Safranbolu’da yerleşim ikiye ayrılıyor. Günlük yaşamın devam ettiği “çarşı” bölümü ve nispeten dinlence için kullanılan, geçmişte büyük konakların inşa edildiği “bağlar” bölümü. İkisi de farklı açılardan güzel ve özel.
Kuşbakışı Seyir
İlk iş olarak Safranbolu’yu tepeden görmenizi öneririm. Çünkü o özel yapılaşmayı kuşbakışı izleyince kafanızda genel resim oturuyor. Evlerin birbirinin manzarasını kesmeyecek şekilde nasıl inşa edildiğini, her birinin estetik harikası dış cephelerini ve tekdüze bir sıralamaya oturmadan yakaladıkları uyumu görebiliyorsunuz. Biz bu seyri eski hükümet konağının çatısında yaptık. Burası herkese açık değil ama siz başka birçok noktayı kullanabilirsiniz. Mesela Cinci Han’ın terasını…
Usta Ellerin Kıymeti
Safranbolu’da Eski Çarşı bölgesinde gezinmenin keyfi bambaşka. Demirciler Çarşısında dizi ve filmlere kılıç yapan ustalardan, kapı kilitlerini oya gibi işleyen hünerli ellere kadar birçok güzel detay göreceksiniz. Meraklısı için alınabilecek birçok parça da var.

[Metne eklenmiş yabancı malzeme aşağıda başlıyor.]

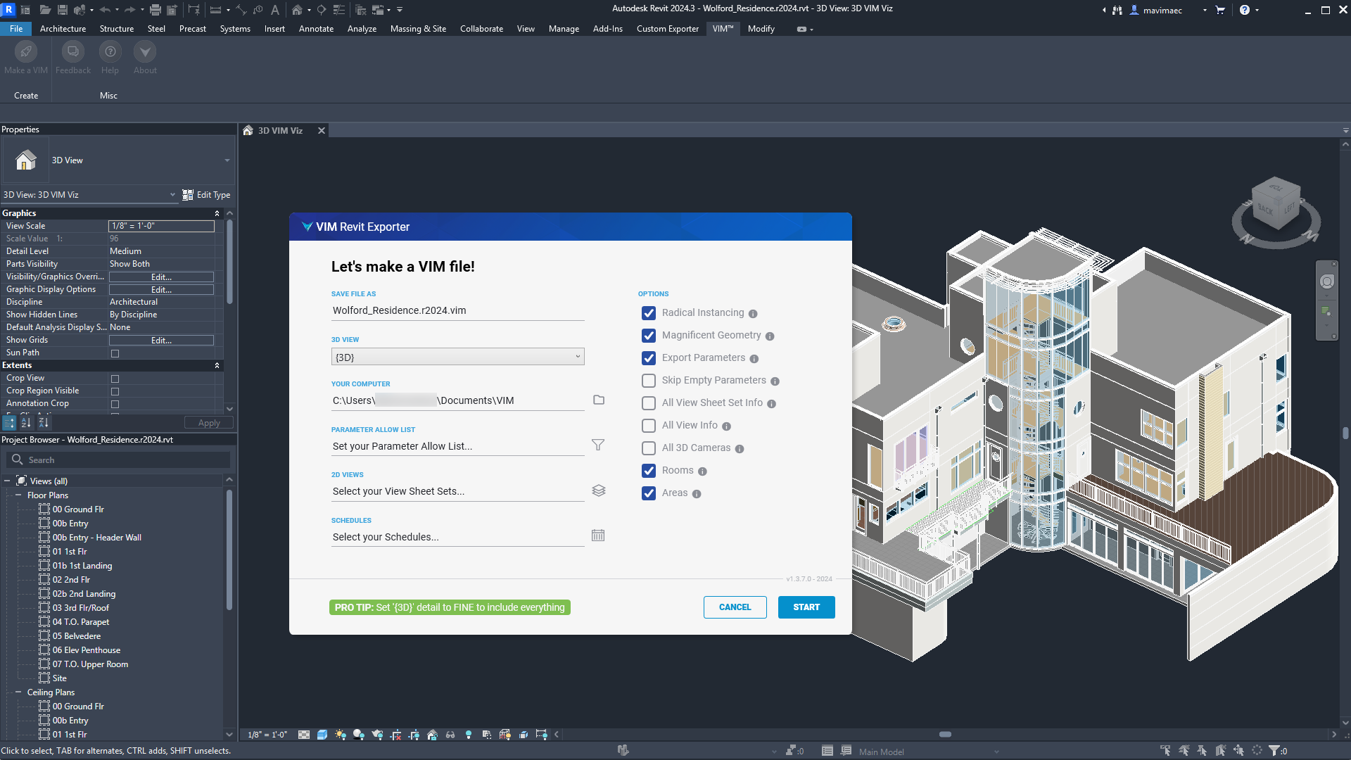 In the VIM Revit Exporter dialog, set the options below as desired, then click Start.

Oradan Yemeniciler Arastası’na geçin. Daracık sokaklar, küçücük dükkanlar, yöresel el işleri arasında gezinmek zamanı yavaşlatmak gibi… O yavaşlıkla hemen vedalaşmayın, çarşıdan ayrılmadan önce mutlaka asma yapraklarının gölgesinde bir Türk kahvesi için.
Eski Evler, Çeşmeler
Safranbolu’nun birbirinden güzel evlerinin arasında gezinirken, sokaklarda kimi bir ağaç altında kalmış kimi dükkanlar arasına sıkışmış çeşmeleri ıskalamayın. Her biri ayrı güzel sokak çeşmeleri, geçmişin izlerini süreceğiniz detaylar saklıyor.
İlk Kahve Müzesi
Türkiye’nin ilk Türk Kahvesi Müzesi Safranbolu’da açıldı. Çok büyük ve gösterişli bir müze beklentisiyle gitmeyin ama bir kahve severseniz mutlaka görün. Kahvenin yolculuğuna dair ilginç parçalar bulacaksınız. Seyahat tipi cezvelerden kahve taşıma kutularına, yokluk yıllarında ortaya çıkan nohut kahvesinden Atatürk’ün doktoruyla içtiği son kahvenin replikasına kadar birçok şeyi inceleyebilirsiniz.
Muhteşem Kalem İşleri
Mehmet İzzet Paşa Camii’nin içindeki kalem işlerine ve kubbedeki süslemelere bayıldım. 1796’da inşa edilen caminin içini mutlaka görün, huzur veren detayların büyüsünde kaybolun. Nuruosmaniye Camii’nin küçük bir benzeri olarak değerlendiriliyor.
Safranbolu Kent Tarihi Müzesi, geçmişten bugüne yörenin kültürünü anlamak için iyi bir kaynak. Müzenin içi kadar bahçesi de güzel. Kültürel ve tarihi dokuya dair keyifli bir gezinti yaptıktan sonra, bahçede biraz soluklanıp hem Safranbolu’yu tepeden izlemeyi hem de kuş seslerini dinlemeyi unutmayın.
Taşın ve Suyun Gücü
Dereköy Dizdar Su Değirmeninde, muhteşem bir doğanın ortasında kendinizi adeta saklı bir cennete düşmüş gibi hissediyorsunuz. Taşın ve suyun gücüyle sarmalanırken, gözleriniz yeşilin en güzel tonları ile buluşuyor. Su kenarında yemek yerken tercihinizi yöresel lezzetlerden yana kullanın derim.